An, Juan , Li, Guohui , Liu, Ruofei , Wu, Yuanzhi , Wu, Xiyuan , Zhang, Rui , Zhao, Yao
2026-08-01 SOIL & TILLAGE RESEARCH 2026 260(卷), null(期), (null页)
Under climate change, the increasing frequency of dramatic extreme rainfall events is significantly altering hydrological responses in agricultural systems. In contour ridge systems, such extreme rainfall triggers rapid rainwater accumulation in furrows, inducing unique partitioning regime among ponding, infiltration, and runoff. Moreover, the widely used Soil Conservation Service Curve Number (SCS-CN) model lacks the physical adaptability to accurately capture extreme rainfall-runoff process. To investigate the partitioning mechanism of extreme rainfall and enhance runoff modeling, high-intensity simulated rainfall experiments (100 mm h(-1), 70 min duration) were conducted on contour ridging surfaces with distinct microtopography and ridge geometry. Results show that runoff rate increased with the progression of rill and headward erosion, while infiltration and ponding rates declined. The average partitioning ratio of extreme rainfall into infiltration and runoff shifted from 0.87:0.12 during inter-rill erosion to 0.77:0.22 and 0.64:0.36 following headward and rill erosion, respectively.
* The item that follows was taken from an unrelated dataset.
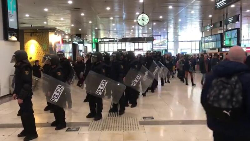 La protesta se ha trasladado ahora a las puertas de la estación, que está blindada por la Policía Nacional y los Mossos d'Esquadra y donde hay concentradas unas 300 personas.

Despite accounting for a minimal portion (<1.5 %) of total rainfall, ponding significantly enhanced infiltration and delayed runoff generation. Ridge width (RW), ridge height (RH), and the interaction between ridge height and row grade (RS) controlled extreme rainfall partitioning, with respective contributions of 22.83 %, 11.52 %, and 24.81 %. The BP-SCS-CN method integrating arithmetic mean of the curve number (CN) adjustment and iterative the initial loss coefficient (lambda) calibration based on RW and RH, improved runoff prediction compared to the original SCS-CN model, but it still inadequately captured runoff generation process. In contrast, the physically modified RWHS-SCS-CN method which incorporated RW, RH, RH*RS, and RW*RH into CN calibration and optimized lambda to 0.05, demonstrated superior predictive performance, achieving the highest Nash efficiency coefficient of 0.64 and the lowest mean relative error of -1.10 %. These findings enhance process-based prediction of extreme rainfall partitioning in contour ridge system, and provide guidance for climate-adaptive agricultural water management strategies.